Exercise:
Which lines run from the one containing "folder is opened." through the last line of the records? Copy them exactly, leaving pictures out.
•••
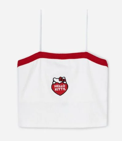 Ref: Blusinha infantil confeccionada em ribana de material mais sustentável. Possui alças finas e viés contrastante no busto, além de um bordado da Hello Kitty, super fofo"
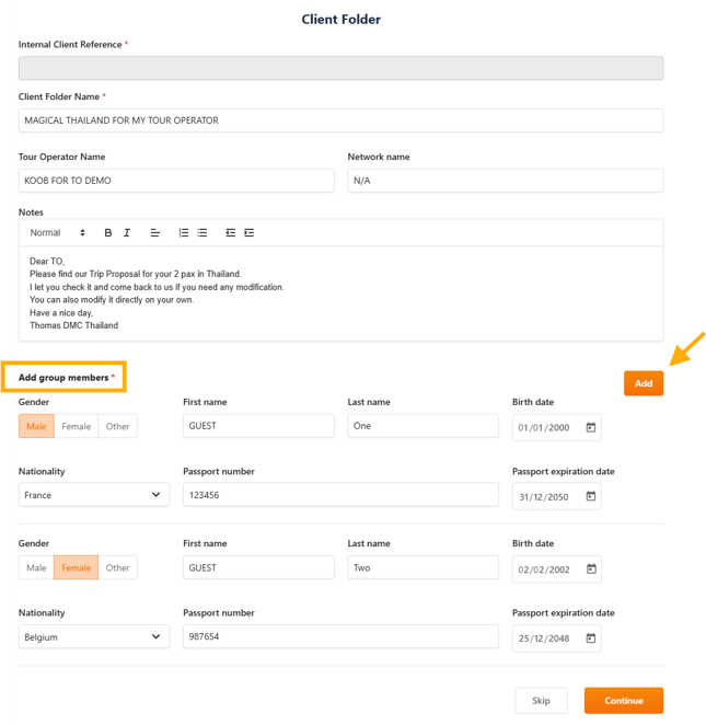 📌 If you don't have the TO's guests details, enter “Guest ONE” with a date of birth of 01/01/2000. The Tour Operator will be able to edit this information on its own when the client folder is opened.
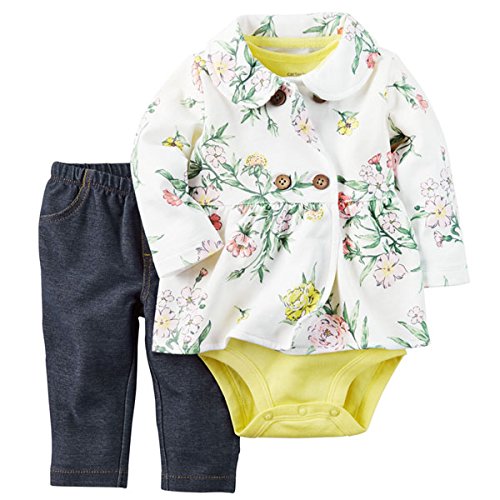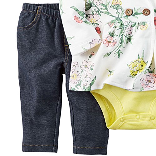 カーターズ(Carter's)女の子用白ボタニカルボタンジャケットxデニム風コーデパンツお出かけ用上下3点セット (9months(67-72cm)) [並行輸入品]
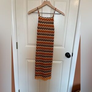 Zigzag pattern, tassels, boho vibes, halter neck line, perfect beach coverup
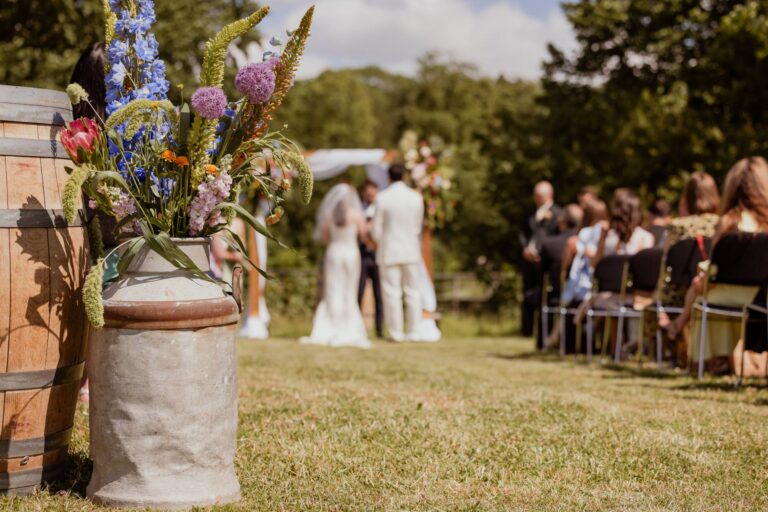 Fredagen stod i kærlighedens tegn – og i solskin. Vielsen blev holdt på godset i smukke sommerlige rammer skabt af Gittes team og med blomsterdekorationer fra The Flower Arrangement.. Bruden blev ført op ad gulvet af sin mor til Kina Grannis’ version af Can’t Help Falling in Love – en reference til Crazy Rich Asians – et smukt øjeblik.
•••
Answer section:
 📌 If you don't have the TO's guests details, enter “Guest ONE” with a date of birth of 01/01/2000. The Tour Operator will be able to edit this information on its own when the client folder is opened.
 カーターズ(Carter's)女の子用白ボタニカルボタンジャケットxデニム風コーデパンツお出かけ用上下3点セット (9months(67-72cm)) [並行輸入品]
 Zigzag pattern, tassels, boho vibes, halter neck line, perfect beach coverup
 Fredagen stod i kærlighedens tegn – og i solskin. Vielsen blev holdt på godset i smukke sommerlige rammer skabt af Gittes team og med blomsterdekorationer fra The Flower Arrangement.. Bruden blev ført op ad gulvet af sin mor til Kina Grannis’ version af Can’t Help Falling in Love – en reference til Crazy Rich Asians – et smukt øjeblik.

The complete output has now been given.